Unfortunately, for millions of American parents struggling with the recession or long-term poverty, these kinds of activities are economically impossible, robbing these children and their families of a brighter future and locking the cycle of poverty into place.

Indeed, stimulating toddlers with reading, music and games doesn't just keep them occupied, it provides them with the foundation for the next two decades of their education.

Ninety percent of our brain growth occurs between birth and five years of age. Thus, the words a toddler hears, the music that makes them tap their feet and the games they play actually acts as food for their brains.

Feed toddlers properly and their brains will be pumped up and ready for their K-12 education. Deprive them, and they're not ready for school, which is proven to lead to increased high school dropout rates, incarceration and unemployment.

Some very smart and visionary leaders, including Mark's father, Sargent Shriver, understood the incredible value of early childhood education and created Head Start in 1965, which was followed up three decades later with Early Head Start.

Still, Early Head Start reaches only five percent of eligible children, and only about half of the eligible population of three-to-five year olds receive Head Start services. Even paired with private preschools, only three out of five preschool-aged kids are enrolled in some sort of childhood education.

This should come as no surprise, as just 14 percent of our public education investment is directed toward children five and under.

As The Huffington Post wisely turns a spotlight on American education, we hope HuffPost readers and education advocates will focus not just on elementary education but on the critical need for innovation and increased investment in early-childhood education.
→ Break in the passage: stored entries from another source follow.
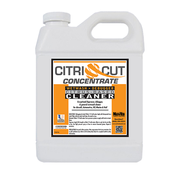 | NuVite CitriCut is a citrus based airframe wetwash and wipedown cleaner. Pleasant citrus smelling wet wash or wipe down cleaner that is especially friendly to the environment. Works great for standard wet washing with mops or scrub pads. When used as a wet wash, water sheets off, minimizing water spotting. CitriCut is also handy for hand debugging or hand wipe down without need for rinse -so there is no need for water or floor cleanup. Spray CitriCut at 1:8 from hand trigger sprayer for hand debugging or wipedown and wipe with terry towel until clean. Use a clean towel to buff up surface shine. No need to rinse surface. Supplied as concentrate—use 1:8 for hand wipe down or 1:16 in wet wash water. |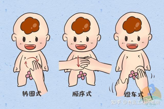 拍嗝宝宝因肠胀气难受哭闹时,宝爸宝妈可轻轻地呈顺时针方向为他按摩小肚子,一方面可以缓解腹胀,另一方面宝宝也会因为舒服而转移注意力。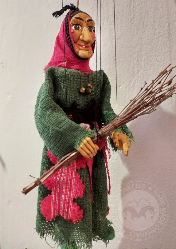 Regardez bien cette marionnette de sorcière qui symbolise le monde magique des contes de fées! Chaque détail sur elle est assorti, de sorte que sa beauté se démarque encore plus. Et comme chaque vraie sorcière a un balai, celle-ci n’est pas une exception. Elle le porte avec elle tout le temps. Son corps est taillé dans le bois à la main. La tête et les mains sont en résine moulée et son visage est soigneusement peint à la main.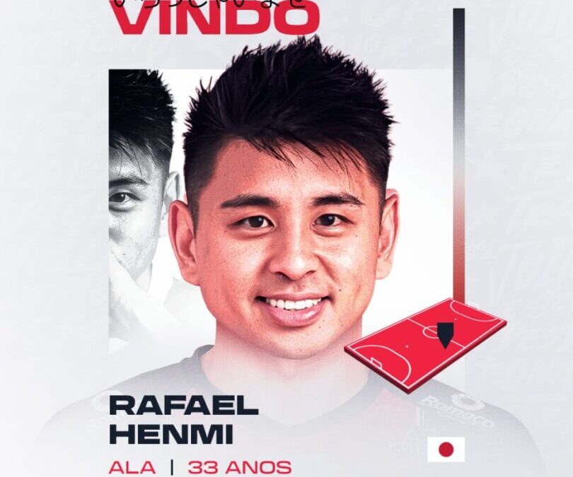 O JEC/Krona Futsal reforça mais uma vez seu elenco e anuncia a contratação de Rafael Henmi, de 33 anos, atleta que estava no Braga, de Portugal. Henmi é japonês, da cidade de Shizuoka, filhos de pais brasileiros, e ainda com nacionalidade portuguesa com nove temporadas no Benfica e três no Braga. Ele inclusive já atuou com Fernando e Robinho, atletas do atual elenco.

Simply put, it should be a right for every single toddler to be enrolled in a high-quality, early-education program. In addition, every parent should have the tools they need -- books, music and games -- to keep their children stimulated at home.

There are a number of first steps toward innovation that we can take:

  • Passage of the Early Learning Challenge Fund, a $10 billion, decade-long proposal to promote innovative models for early-childhood education.
  • In an opinion piece in the Washington Post this week, Ron Haskins and W. Steven Barnett wrote that the Obama administration's efforts to inject better accountability into Head Start will improve the program and, we hope, increase enrollment of more kids.
  • Save the Children's U.S. Programs operates an early childhood education program -- Early Steps to School Success -- in almost 100 of the poorest communities in America, including most recently in Jennifer's native West Virginia. Through these programs, we go into homes and work directly with parents and have achieved extraordinary results, bringing at-risk toddlers up to normal levels on benchmark vocabulary tests.

The Brookings Institute estimates that a deep and truly serious investment in early childhood education would add $2 trillion to the Gross Domestic Product within a generation. This would be an incredible return on investment that would, in the future, help solve many of the problems our nation is struggling with today.

Our politicians can have a robust debate about the role of government in helping families living in poverty, but three year olds don't even have bootstraps to pull on. Now is the time to give every American child an equal start in life.